## Data extract
================

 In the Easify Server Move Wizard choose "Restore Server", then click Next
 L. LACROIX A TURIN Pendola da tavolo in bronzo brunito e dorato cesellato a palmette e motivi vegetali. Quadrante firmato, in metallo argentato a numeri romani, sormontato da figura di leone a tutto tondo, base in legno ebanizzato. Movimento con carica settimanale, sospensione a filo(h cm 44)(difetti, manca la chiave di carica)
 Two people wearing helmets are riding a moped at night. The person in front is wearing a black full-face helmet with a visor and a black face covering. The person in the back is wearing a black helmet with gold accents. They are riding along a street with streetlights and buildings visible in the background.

================

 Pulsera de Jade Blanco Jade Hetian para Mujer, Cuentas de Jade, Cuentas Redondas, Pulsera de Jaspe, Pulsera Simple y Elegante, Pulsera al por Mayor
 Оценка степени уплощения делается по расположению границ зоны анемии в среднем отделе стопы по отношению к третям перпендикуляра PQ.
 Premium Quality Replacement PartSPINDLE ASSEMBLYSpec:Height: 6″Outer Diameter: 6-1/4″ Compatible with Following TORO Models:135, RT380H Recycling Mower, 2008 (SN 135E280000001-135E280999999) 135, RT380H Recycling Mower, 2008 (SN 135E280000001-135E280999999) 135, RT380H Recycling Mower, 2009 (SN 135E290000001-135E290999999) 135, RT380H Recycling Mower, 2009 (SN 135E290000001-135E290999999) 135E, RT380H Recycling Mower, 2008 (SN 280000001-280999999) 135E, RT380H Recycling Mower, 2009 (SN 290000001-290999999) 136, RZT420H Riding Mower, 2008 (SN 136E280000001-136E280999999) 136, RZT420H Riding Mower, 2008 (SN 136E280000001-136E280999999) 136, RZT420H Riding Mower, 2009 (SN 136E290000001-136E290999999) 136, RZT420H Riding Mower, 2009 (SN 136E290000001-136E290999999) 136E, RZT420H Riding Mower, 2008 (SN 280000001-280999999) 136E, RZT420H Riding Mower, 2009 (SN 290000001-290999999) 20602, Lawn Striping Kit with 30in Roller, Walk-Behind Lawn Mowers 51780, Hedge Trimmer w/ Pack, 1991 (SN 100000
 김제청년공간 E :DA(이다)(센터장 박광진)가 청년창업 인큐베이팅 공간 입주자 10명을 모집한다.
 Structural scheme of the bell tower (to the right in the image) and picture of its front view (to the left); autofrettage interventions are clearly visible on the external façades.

================

## Problem description
Take from the entries every line that has the string "visible".

## Written reply
 Two people wearing helmets are riding a moped at night. The person in front is wearing a black full-face helmet with a visor and a black face covering. The person in the back is wearing a black helmet with gold accents. They are riding along a street with streetlights and buildings visible in the background.
 Structural scheme of the bell tower (to the right in the image) and picture of its front view (to the left); autofrettage interventions are clearly visible on the external façades.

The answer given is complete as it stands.